> _Try it_: Print the whole listing again exactly as it stands, leaving out any images.

> _Given material_:

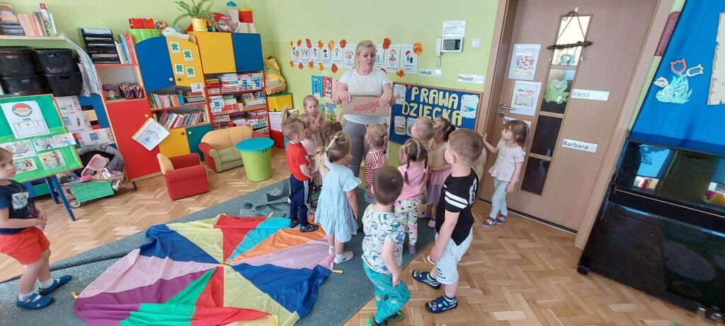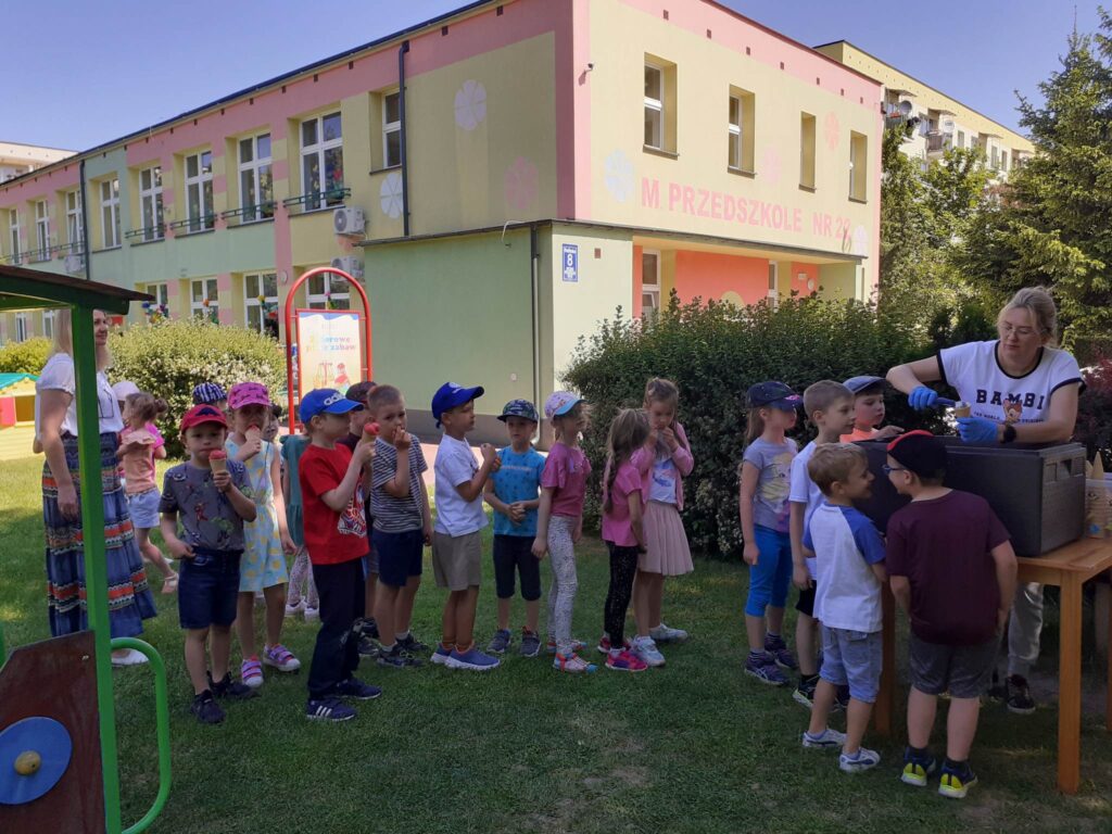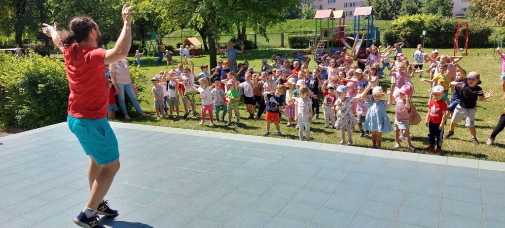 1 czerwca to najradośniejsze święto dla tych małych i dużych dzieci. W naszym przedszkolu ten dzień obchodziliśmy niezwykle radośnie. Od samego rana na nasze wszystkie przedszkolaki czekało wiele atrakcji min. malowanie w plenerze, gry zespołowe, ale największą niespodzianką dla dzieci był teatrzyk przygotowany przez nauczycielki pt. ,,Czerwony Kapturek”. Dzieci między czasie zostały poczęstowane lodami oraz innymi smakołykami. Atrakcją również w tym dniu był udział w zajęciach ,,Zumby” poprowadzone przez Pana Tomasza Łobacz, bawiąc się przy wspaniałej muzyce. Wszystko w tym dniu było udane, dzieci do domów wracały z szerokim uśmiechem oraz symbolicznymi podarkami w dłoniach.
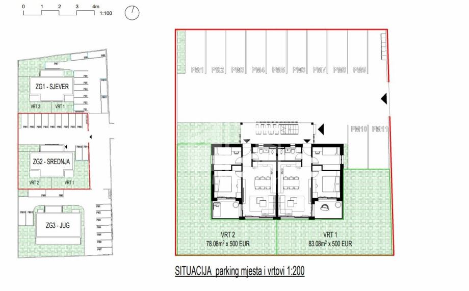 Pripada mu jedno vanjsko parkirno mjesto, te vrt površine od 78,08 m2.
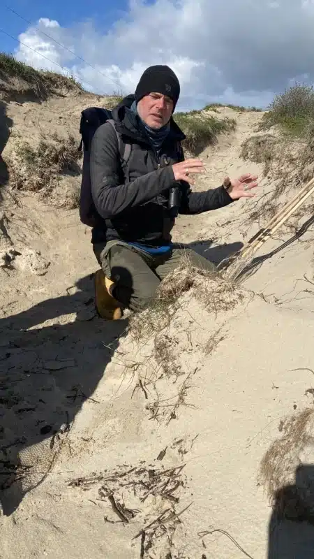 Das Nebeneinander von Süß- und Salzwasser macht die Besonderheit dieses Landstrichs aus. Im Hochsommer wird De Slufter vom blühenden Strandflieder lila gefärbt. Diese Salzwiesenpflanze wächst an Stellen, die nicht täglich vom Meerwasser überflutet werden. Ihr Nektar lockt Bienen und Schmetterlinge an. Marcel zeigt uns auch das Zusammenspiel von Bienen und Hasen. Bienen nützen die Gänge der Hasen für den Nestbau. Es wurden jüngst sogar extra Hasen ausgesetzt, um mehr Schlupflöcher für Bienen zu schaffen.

> _Answer to the problem_:
 1 czerwca to najradośniejsze święto dla tych małych i dużych dzieci. W naszym przedszkolu ten dzień obchodziliśmy niezwykle radośnie. Od samego rana na nasze wszystkie przedszkolaki czekało wiele atrakcji min. malowanie w plenerze, gry zespołowe, ale największą niespodzianką dla dzieci był teatrzyk przygotowany przez nauczycielki pt. ,,Czerwony Kapturek”. Dzieci między czasie zostały poczęstowane lodami oraz innymi smakołykami. Atrakcją również w tym dniu był udział w zajęciach ,,Zumby” poprowadzone przez Pana Tomasza Łobacz, bawiąc się przy wspaniałej muzyce. Wszystko w tym dniu było udane, dzieci do domów wracały z szerokim uśmiechem oraz symbolicznymi podarkami w dłoniach.
 Pripada mu jedno vanjsko parkirno mjesto, te vrt površine od 78,08 m2.
 Das Nebeneinander von Süß- und Salzwasser macht die Besonderheit dieses Landstrichs aus. Im Hochsommer wird De Slufter vom blühenden Strandflieder lila gefärbt. Diese Salzwiesenpflanze wächst an Stellen, die nicht täglich vom Meerwasser überflutet werden. Ihr Nektar lockt Bienen und Schmetterlinge an. Marcel zeigt uns auch das Zusammenspiel von Bienen und Hasen. Bienen nützen die Gänge der Hasen für den Nestbau. Es wurden jüngst sogar extra Hasen ausgesetzt, um mehr Schlupflöcher für Bienen zu schaffen.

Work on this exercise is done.